Парень чем-то понравился Владу, у таких что на уме, то и на языке, и он решил держаться пока его, а там видно будет. Так и началось знакомство Влада с московским карманником Сашкой Шиловым. И оно — это знакомство — запомнилось ему потом на всю жизнь. Сашка на первых порах спасал его от больных-агрессивников, пока он сам не научился давать им отпор. Сашка делился с ним своими редкими посылками. Сашка даже ухитрялся доставать для него газеты и книги.
Самой трудной оказалась лишь первая ночь. Соседа действительно колотило трижды. И трижды, прежде чем заснуть, Владу пришлось единоборствовать с ним, чтобы его успокоить. Занятие это было, прямо надо сказать, не для слабонервных. Но потом, ночь за ночью, он приноровился к этому и вскоре справлялся с эпилептиком без особых усилий или брезгливости и тут же безмятежно засыпал.

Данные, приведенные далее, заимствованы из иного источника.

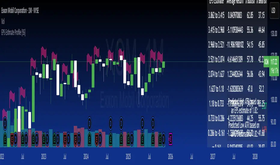 - Calculates the expected Open to High and Open to Low ATR based on the EPS estimate using regression.
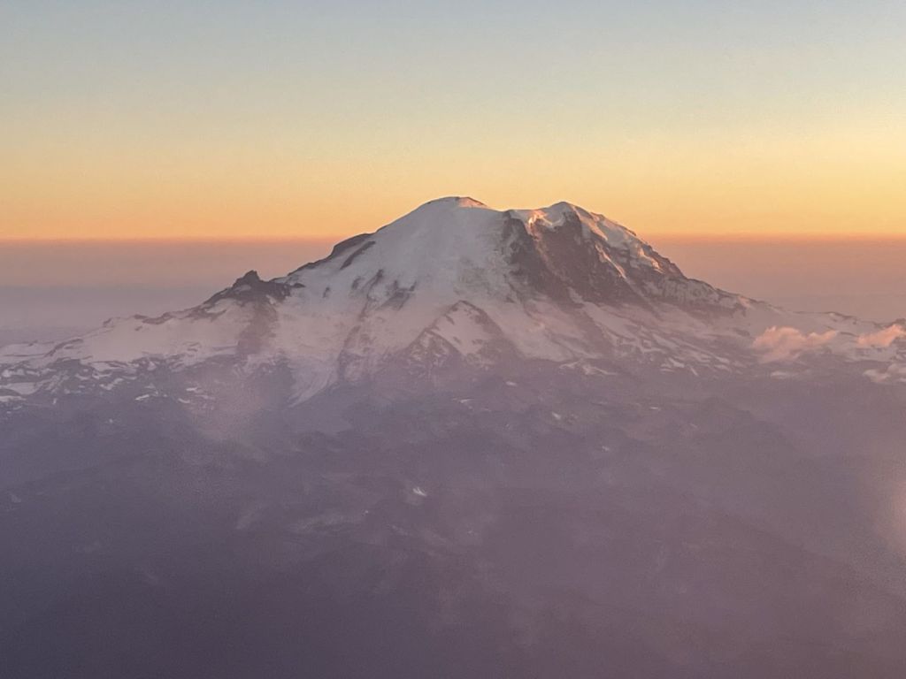 If I am not mistaken, that is Mount Rainier. I got quite a shot of it as my flight approached Sea-Tac. I didn’t manage to get what would undoubtedly have been a great shot of the airport sign welcoming me to the city because I left my phone on the plane! Luckily, that crisis was resolved satisfactorily, and the phone was returned to me after a minor, panic-inducing comedy of errors. Driving was accomplished, and I made it to my hotel for the night to write this for you all. In the morning, though, my epic journey will begin with my first official cache of Washington State in…

По утрам тот чувствовал себя вяло и виновато. У больного татарина было чувствительное и благодарное сердце.
— Понимаешь, — поводил он на Влада подернутым сухим блеском глазом, — эта у мине с из детства. Падаю, падаю кудай-то, и так мине хорошо тогда бывает, и свет кругом какой-та особенный — не сказать даже, а потом плохо, очень плохо… Ты просись — тебя переведут. Вон у окна койка асвабадилась.
Но Влад твердо решил держаться рядом с татарином до конца. К тому же палата жила по тюремным законам, и места распределялись не медперсоналом, а кодлой у печки, где верховодил привезенный на экспертизу лысоватый пахан дядя Каин. Вокруг него с утра до ночи вертелся гомонок желающих выслужиться и схватить свою долю больничных благ: место получше, халат покрепче, довесок к пайке. Целыми днями дядя Каин лежал на своей койке у печи, подложив ладони под голову, и отдавал почти беззвучные приказы и распоряжения. Он находился здесь на экспертизе за убийство при попытке вооруженного ограбления, и ничего, кроме высшей меры, его, разумеется, не ожидало.
Примерно через неделю Владу было приказано явиться пред его ясные очи. Отказываться в таких случаях (Влад знал это по опыту) было себе дороже.
Тот встретил новичка всё так же, лежа со скрещенными ладонями под затылком. Молча кивнул в сторону койки напротив. Искоса оглядел его кроличьими глазами, сказал:
— Гордый, говорят? Люблю таких, сам гордый. Не надоело с припадочным ночи коротать?
— Кому-то нужно.
— А ты не партейный часом? — Он даже оживился, если можно назвать оживлением намек кривенькой усмешки в губах. — За справедливость, значит? Тогда соси лапу. — И сразу без перехода: — Слыхал, стишки сочиняешь?
— Так, от нечего делать балуюсь.
Здесь дядя Каин впервые повернулся к нему всем лицом. Оно у него было испитое, с отеками явно тюремного происхождения, но какая-то затаенная мысль, вернее мука, делала его почти значительным:
— От нечего делать, пацан, только на мокрое дело ходят. Ты всё запоминай, пацан, всё примечай, ничего не забудь, тогда тебе цены не будет вовек. Если бы мне мою жизнь описать, какая бы книжка получилась — кровь и слезы! Только у меня не голова на плечах, а кочан капусты, а то и хуже того. Эх, — он даже всхлипнул от переполнивших его чувств, — если бы ты когда-нибудь про всё про это! — Но тут же заметно устыдился своего порыва и снова откинулся на спину. — Ладно, иди. Захочешь, к окну ляжешь, или рядом со мной. А там как знаешь…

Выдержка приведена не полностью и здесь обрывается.